The UK Rock & Metal Singles Chart is a record chart which ranks the best-selling rock and heavy metal songs in the United Kingdom. Compiled and published by the Official Charts Company, the data is based on each track's weekly physical sales, digital downloads and streams. In 2005, there were 23 singles that topped the 52 published charts.

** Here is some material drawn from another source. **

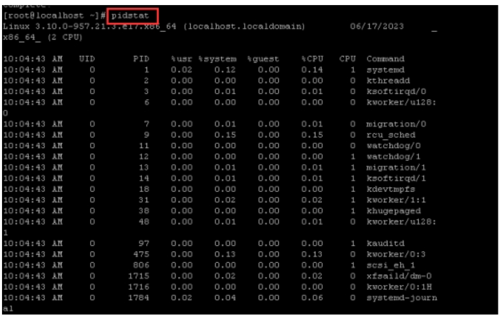 2.pidstat,输入该命令按回车键查看进程占用资源情况

The first number-one single of the year was "Boulevard of Broken Dreams" by American pop punk band Green Day, which spent the first two weeks of the year atop the chart at the end of a five-week run beginning in December 2004. The final number-one single of the year was "One Way Ticket", the lead single from One Way Ticket to Hell... and Back, the second album by The Darkness, which spent the last six weeks of the 2005 (and the first four of 2005) at number one.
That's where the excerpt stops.